The first step in pipeline is the rendering of the displays. In the case of the A-10C, these Multi-Function Displays (MFD) are composited mostly out of textual UI elements, but they can also display a map for the Tactical Awareness Display (TAD), or a camera feed for the Targeting Pod (TGP) or the AGM-65 Maverick missiles.

At this point in the rendering the elements are only composited, the actual content (map, video feed) is not rendered, that will be done a little later, and at a potential lower framerate adjustable in the settings.

Every UI element comes as a two indexed drawcalls, one to create the background and one to render the glyph. As far as I could tell, these comes as two different index and vertex buffer per drawcall with every drawcall uploading a new version of the constant buffer containing the tint and positional information (and a couple of unrelated data for a total of 288 bytes). The geometry is assembled on the CPU, and rendered as a 3D geometry, most likely because the framework is shared with the other interface rendering systems.

Cascaded shadow maps (CSM)

The shadow map is rendered in a 4 slices array of 4K targets of 16bit depth.

The rendering of a slice is split in two:

• The static environment
• The non-static objects (players aircraft)

There is nothing to not for the latter except that no proxy shadow caster meshes are being used for far away slices and lodding doesn’t seem to be used resulting in a pretty poor triangle to pixel ratio.

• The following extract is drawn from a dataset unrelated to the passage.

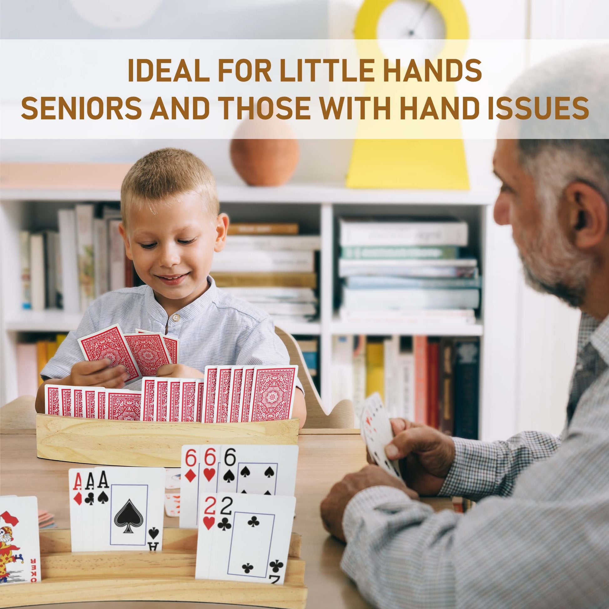 - HANDS FREE CARD HOLDER: Our playing card racks are great for game with large quantities of cards; Ideal for little hands, seniors, those with arthritis, hand issues and those who want the convenience of playing hands-free

The shape above, covering around 100 pixels is a plane in the furthest shadow map. It required just above a million vertices to render, for a vertex to pixel ratio close to 10 000. Not that ideal!

The static environment meshes such as buildings and vegetations are rendered in two parts:

• Scattering: a set of compute jobs that scatter, select a lod, and generate some indirect drawcalls
• Rendering: a bunch of indirect drawcalls renders the instances

This pattern for rendering and scattering the static environment meshes is also used during the GBuffer pass.

It’s interesting to note that the indirect drawcalls are emitted using DrawInstancedIndirect with only the first two arguments used (note that the instance count is often one).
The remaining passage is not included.